Indignação: O secretário de Estado do Cinema diz que vamos entrar numa fase de ouro do cinema português porque nunca estivemos tão perto de entidades com tanto poder mundial como estas de que falamos. Diz que temos que saber ter uma mente aberta para apresentarmos projectos capazes de seduzir. Enfim…

Digam a um pintor para trocar o verde por amarelo, digam a um poeta para trocar um “de” por um “que”. Digam a um escultor que é melhor não misturar ferro com vidro. Digam a um escritor que no fim não se percebe porque é que o cão não morre. Etc., etc., etc..

Dêem essas ordens, ou, admitindo que querem ser mais brandos, essas sugestões. Façam-nos bater à porta das Netflixs e Amazons desta vida que nos hão-de compensar a obediência com a honra de ter um filme que diz no início: Netflix ou Amazon apresentam.

Queridos governantes, nem sei bem como vos explicar isto, mas saibam que sempre que falarem assim com as e os artistas ficarão a falar sozinhos.

Todos nós, para sermos artistas, temos que acima de tudo ter respeito pela nossa arte. Obedecemos à arte, não obedecemos aos governos, nem a este nem a nenhum outro.

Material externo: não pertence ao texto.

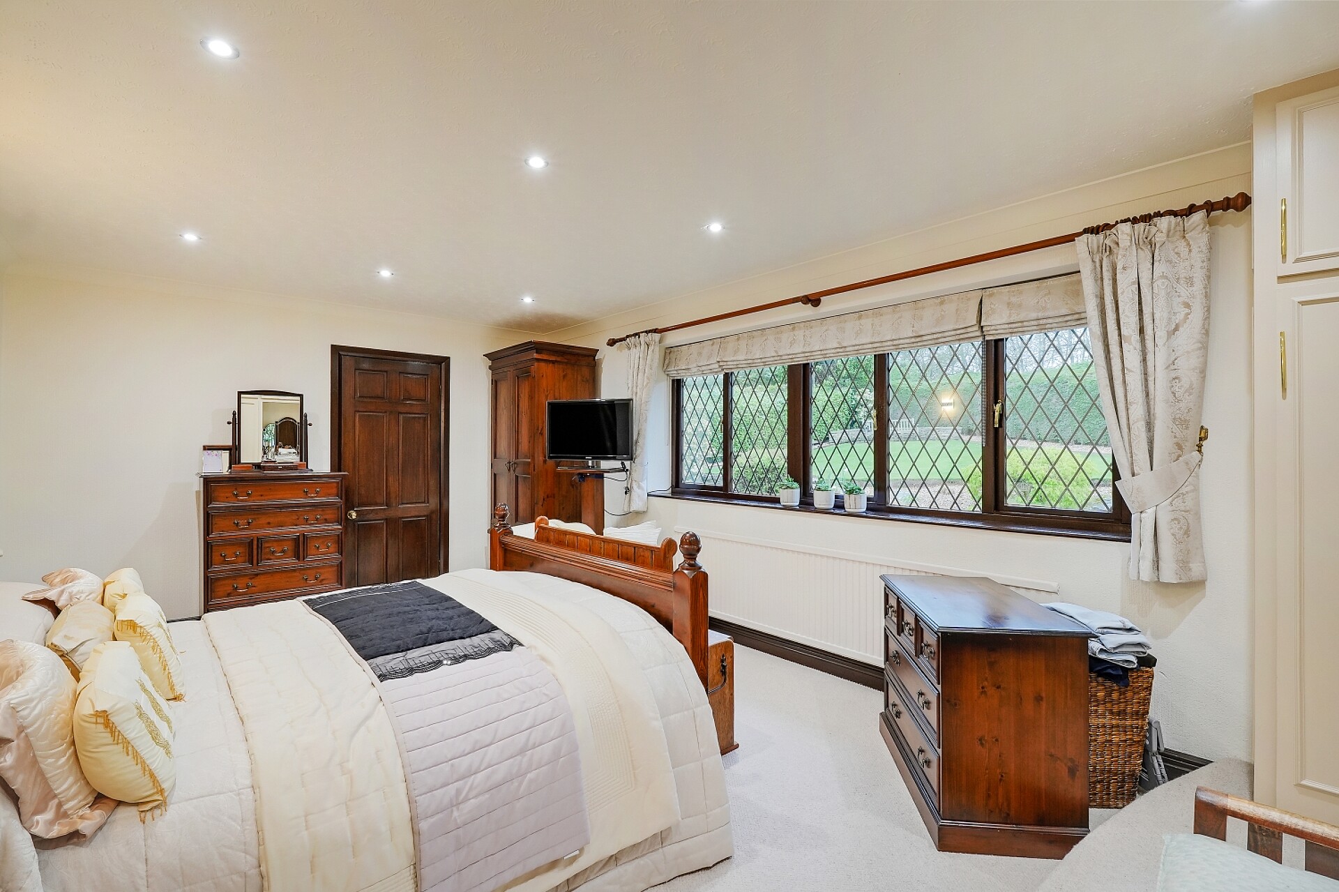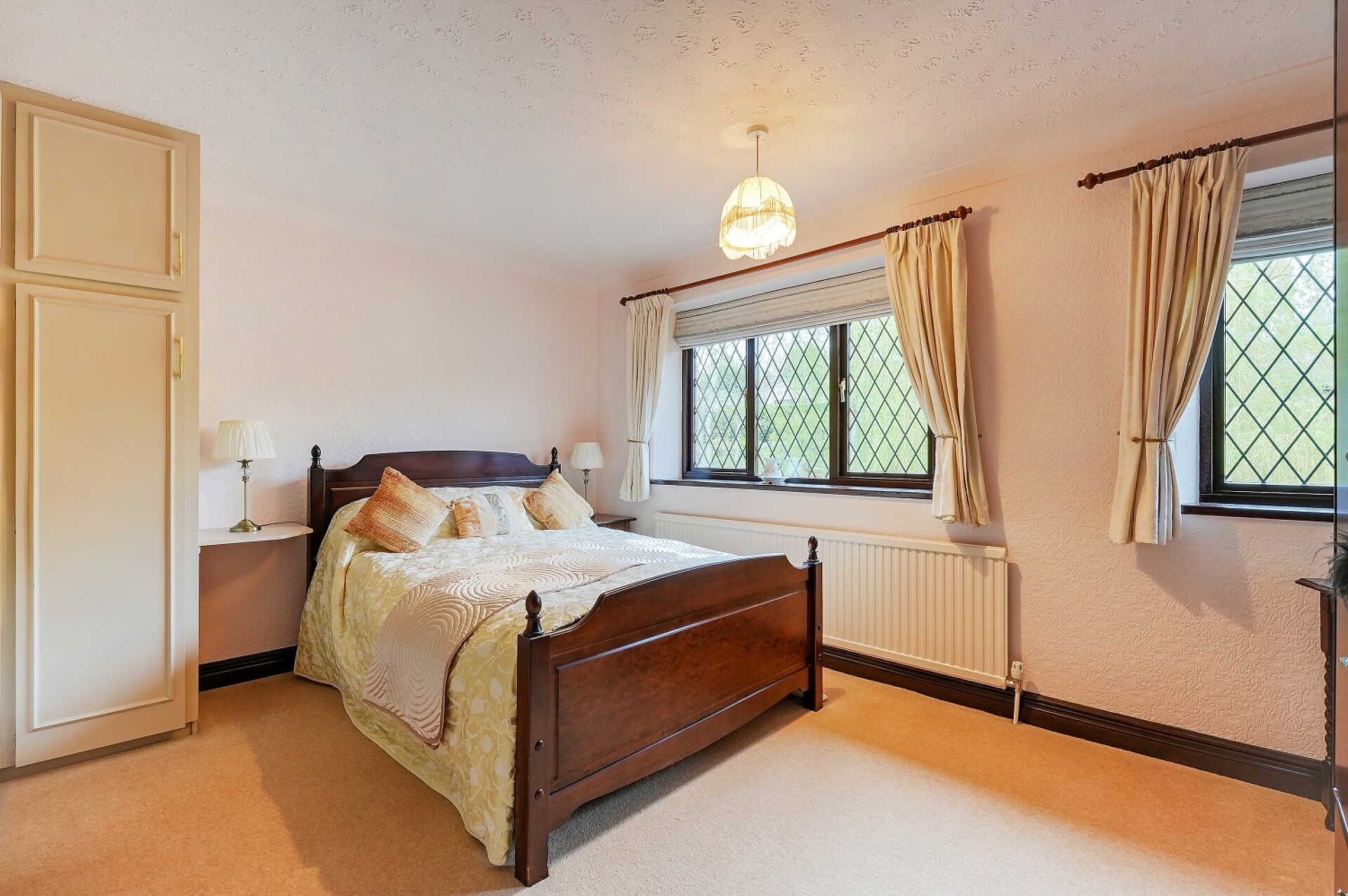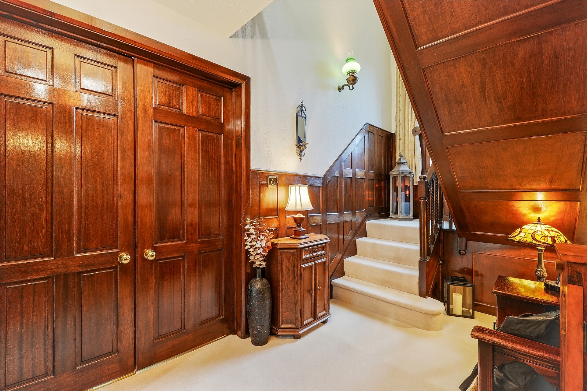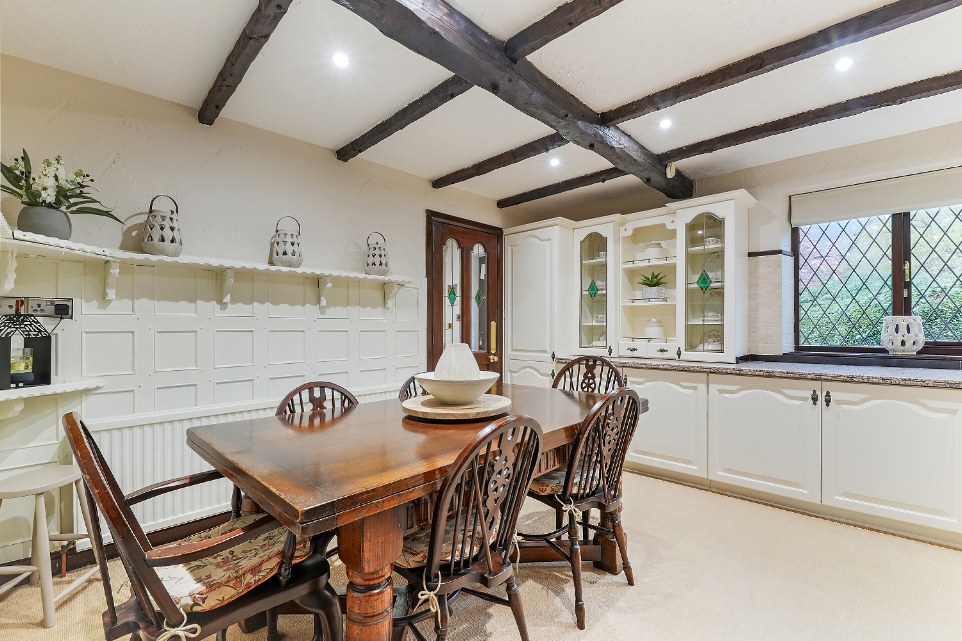 To the rear, the main lounge overlooks the garden and benefits from French doors opening directly onto the patio, allowing plenty of natural light to flow through the space. A traditional stone fireplace forms an attractive focal feature. A further reception room offers flexibility for modern living and could easily serve as a snug, study, playroom or occasional fourth bedroom depending on requirements. A convenient ground floor WC completes the accommodation at this level.

E, assim sendo, não nos digam que temos que agradar às plataformas americanas que uniformizam o mundo. Há lugar para todos, mas o lugar deles não é o nosso.

Eu sou uma cineasta portuguesa, e tenho orgulho nisso. Se essas plataformas quiserem investir nos nossos filmes, pois que venha esse apoio que receberemos felizes. Mas que venha para os nossos filmes. Essas plataformas, para poderem operar cá, têm que ser obrigadas a pagar taxas como em qualquer país com dignidade e respeito pelas suas artes e pelos seus artistas. Não é admissível que o nosso Governo nos diga que temos que saber apresentar-lhes “ideias vencedoras”, palavras do secretário de Estado do Cinema.

Não se trata de demitir este ou aquela membro do Governo, trata-se de saber se o Governo concebe ou não que o cinema seja uma arte. Se o Governo quer ou não preservar a especificidade do cinema português, e que, caso não considere, nem queira, que tenha a coragem de o dizer claramente.

A nós, artistas, cabe-nos o dever da integridade, porque no dia em que a perdermos, perdemos objectivamente todos os direitos.